Кроме того, следует указать одну любопытную особенность французской науки, в общем-то вполне закономерную: деятельность русских эмигрантов, их жизнь, учеба и дальнейшая карьера развивались в условиях, отличных от условий в Польше или Чехословакии, где были традиционно сильны прежние, еще дореволюционные культурно-исторические и научные контакты, где многое в науке было вдохновлено русской академической школой, а имена И.И. Срезневского, Ф.И. Буслаева, В.И. Ламанского, А.А. Шахматова были столь же любимыми и почитаемыми, как и у них на родине, в России. 

Здесь, во Франции, действовали иные законы. К тому времени там сложилась уже школа славистики, уверенно заявившая о своих разработках и приоритетах. Поль Бойе, Андре Мазон, Эрнст Дени, Антуан Мейе — эти имена составляли славу французской науки и потому имели сильное влияние и на вновь «прибывших» молодых талантливых ученых из России, в числе которых оказался и ярко выразил свой талант Б. Унбегаун. 

Вера, любовь и образование являлись теми животворящими силами, что были в состоянии сохранить хотя бы относительный душевный покой, помочь удержаться, не впасть в отчаяние. И потому, как ни тягостно было осознавать невозможность возвращения домой и потерю гражданства (но не Родины) и Н.С. Трубецкому, и Р.О. Якобсону, и Б. Унбегауну, приходилось уживаться в другой атмосфере, с иными традициями, языком и верой. 

Мы не вправе, разумеется, даже пытаться проникнуть в мир их души, прочувствовать горечь утрат, но, воссоздавая пусть в малой мере их человеческий облик, мы не можем не говорить о той стезе, что определяла миросозерцание каждого из них, — о бытовом исповедничестве.

 Душевные раны, противоречия, которые так терзали их, — почти в каждом письме тех лет. Приведем в этой связи два отрывка. Один — из воспоминаний внучки Н.С. Трубецкого, В. Кюннельт Леддин. 

«Приехав в Австрию, — пишет она, — Трубецкие решили ни в коем случае не впадать, как они это называли, в эмигрантщину, т.е. горевать из-за пропавшего материального благосостояния, не жалеть самих себя, а, наоборот, все свои силы отдать своей новой родине. Они стали австрийскими гражданами, не отказываясь при этом от российского гражданства». 

Другой пример — из письма Н.С. Трубецкого П.Н. Савицкому от 23 июня 1931 года: «К Русской Церкви мы, оторвавшись от России, принадлежать уже не можем. С этой иллюзией теперь приходится покончить, как вообще постепенно  приходится отказываться от мечты нашей причастности к современной России. 

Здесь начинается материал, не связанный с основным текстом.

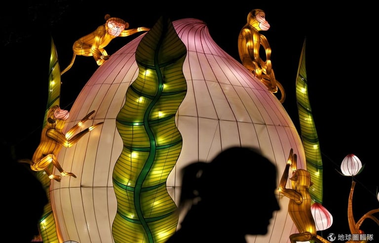 金猴攀桃 倫敦應景推出花燈展精緻程度讓人讚嘆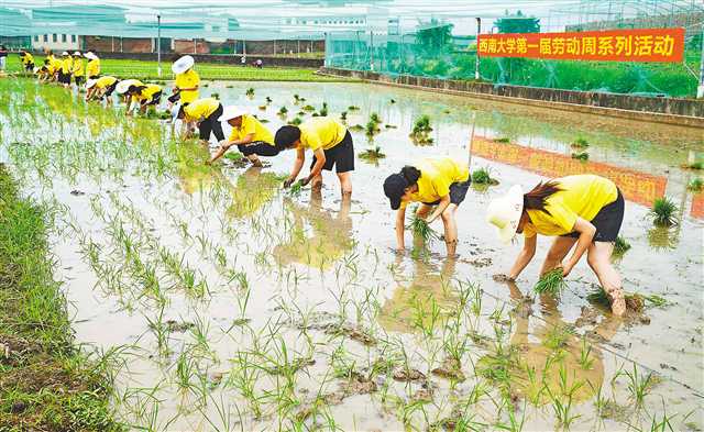 4月27日,西南大學(xué)農(nóng)學(xué)與生物科技學(xué)院35名學(xué)生,來到位于北碚歇馬的西南大學(xué)水稻研究所實驗基地,開展“學(xué)習(xí)隆平精神 躬耕田野實踐”水稻插秧生產(chǎn)勞動實踐活動。田間地頭的勞作讓學(xué)生們更加懂得“絕知此事要躬行”的道理。該校農(nóng)學(xué)與生物科技學(xué)院黨委書記陽義健介紹,在不同的季節(jié)學(xué)院會安排學(xué)生參加不同的田間勞動課程和活動,包括水稻、油菜、薯類、玉米、小麥的栽培和管理等。通過這些生產(chǎn)實踐活動,幫助學(xué)生樹立正確的勞動價值觀,鍛煉他們的勞動技能。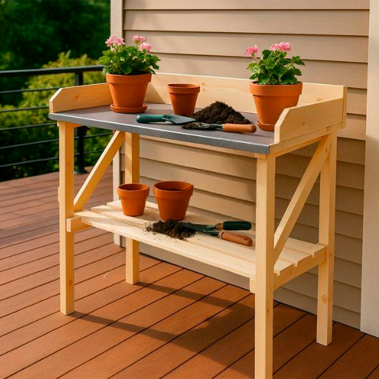 Ērts galdiņš ar skārda darba virsmu, mazo dārza darbu veikšanai – puķu pārstādīšanai, garšaugu piķēšanai.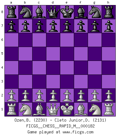 Last move : 1/2-1/2 2026 April 25 4:1:28 [Event "FICGS__CHESS__RAPID_M__000182"] [Site "FICGS"] [Date "2026.03.12"] [Round "1"] [White "Ozen,Bahadir"] [Black "Cleto Junior,Dirceu"] [Result "1/2-1/2"] [WhiteElo "2230"] [BlackElo "2131"] 1.d4 Nf6 2.c4 c5 3.d5 b5 4.cxb5 a6 5.e3 Bb7 6.Nc3 axb5 7.Bxb5 Qa5 8.Bd2 Qb6 9.a4 Nxd5 10.Nf3 e6 11.O-O Nb4 12.e4 Be7 13.Bf4 O-O 14.Bxb8 Rfxb8 15.Ne5 Qc7 16.Qxd7 Qxe5 17.Qxe7 Nc6 18.Qd7 Nd4 19.f4 Qf6 20.Qc7 Qd8 21.Qxd8+ Rxd8 22.Rfd1 h6 23.Kf2 g5 24.g3 Kf8 25.Rd2 1/2-1/2 Follow this game move after move (download)Suddenly it was obvious to me in my analysis I had missed what Fischer had found with the greatest of ease at the board. (Mikhail Botvinnik) Ein Isolani verdüstert die Stimmung auf dem ganzen Schachbrett. (Savielly Grigorievitsch Tartakower) Haz el enroque temprano y seguido. (Rob Sillars) A ce moment-là, je menaçais de comprendre la position ! (Clément L'Heureux) Watch your thoughts; they become words. Watch your words; they become actions. Watch your actions; they become habits. Watch your habits; they become character. Watch your character; it becomes your destiny. (Frank Outlaw)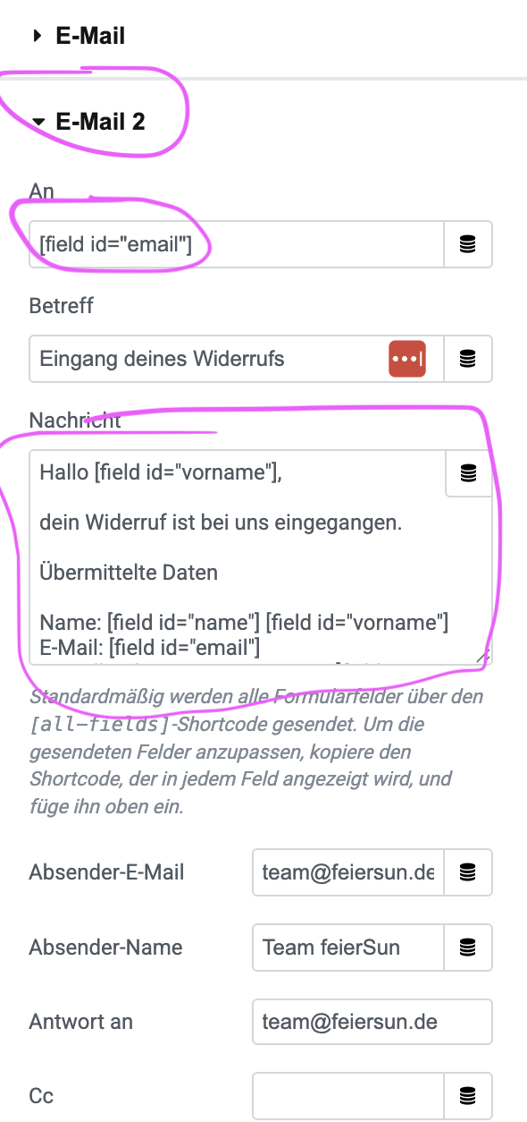Du bekommst ebenfalls eine E-Mail über den Eingang des Widerrufs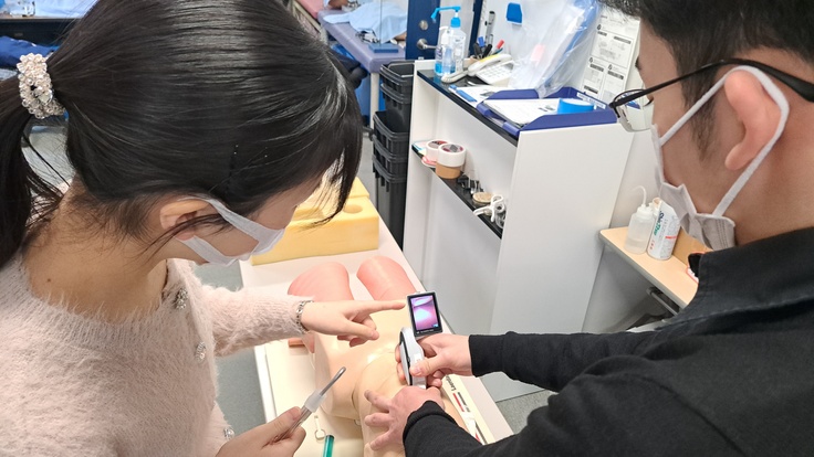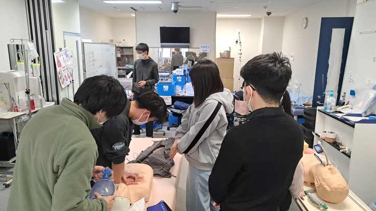 気管挿管、胸骨圧迫、除細動器の使用などなど、倒れた患者さんをお運びするところから、順を追って指導しました。未来の救命医がドクターカーに乗って、一人でも多くの命を救ってくれることを願っています!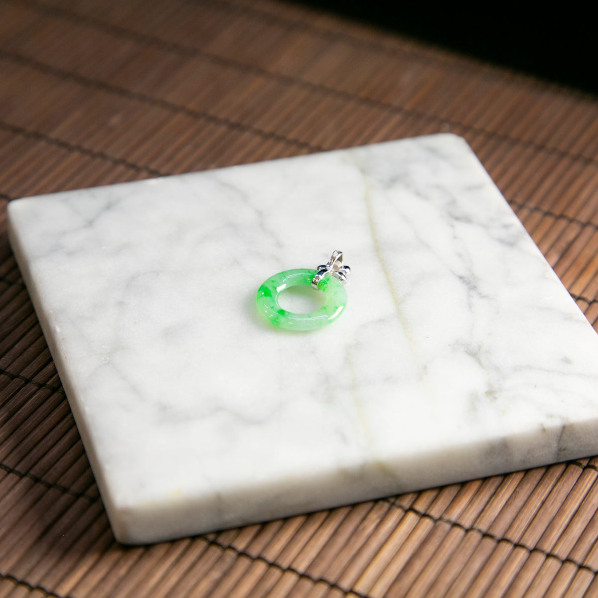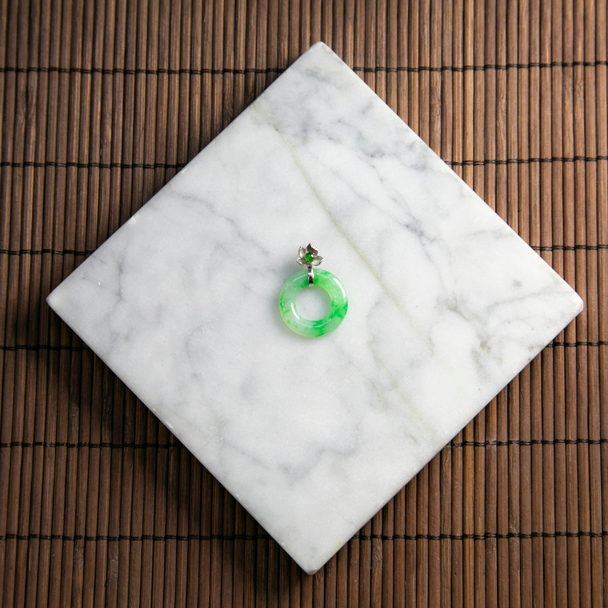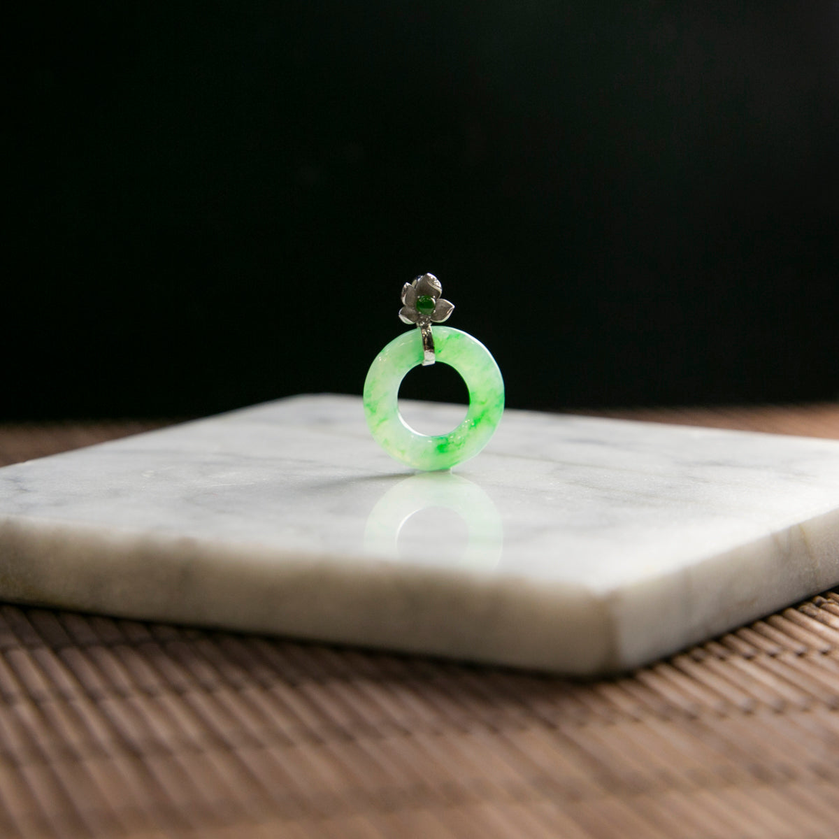 18K白金鑲鑽天然緬甸翡翠飄綠色根水泡吊墜

Еще каких-нибудь два-три года тому назад мы чувствовали внутреннее родство с какими-то спецами, игравшими важную роль в советской жизни, с какими-то учеными, занимавшими господствующие позиции в советской науке, с какими-то писателями, задававшими тон советской литературе. Теперь все эти люди уже сметены, и на место их встали новые, с которыми у нас нет ничего общего, которые нас не понимают, и которых мы понять не можем. (Пожалуй, самоубийство Маяковского, действительно, знаменовало собой какой-то перелом в этом отношении.) И так обстоит дело во всем. 

В церковном вопросе — не иначе. Все это надо осознать. Не следует поддаваться эмигрантским иллюзиям и соблазнам. Эти иллюзии и соблазны многогранны. Иллюзией является не только “Царский вестникъ” и антониевцы, убежденные, что старая Россия есть Россия “подлинная”, что она “возродится” как только падет советская власть, что это падение не за горами, и что мы, эмигранты, должны охранять заветы, дабы принести их в возрожденную самодержавную Россию. Но иллюзией являются и мечты о том, будто мы, русские интеллигенты поколения 10-х и 20-х годов, можем понимать современную Россию и идти с ней нога в ногу. Незаметно для самих себя мы рискуем тоже стать людьми прошлого, зафиксировав идеалы своего поколения, в то время как жизнь пошла дальше в совершенно для нас непонятную, чужую сторону».

Библиотечный работник — это ученый

Одним из первых советских ученых, кого повидал Б. Унбегаун, поселившись в Париже, был М.Н. Петерсон, приехавший в столицу Франции в командировку летом 1925 года. Б. Унбегаун тогда же, по окончании Сорбонны, был приглашен для работы в библиотеку Института славянских исследований. 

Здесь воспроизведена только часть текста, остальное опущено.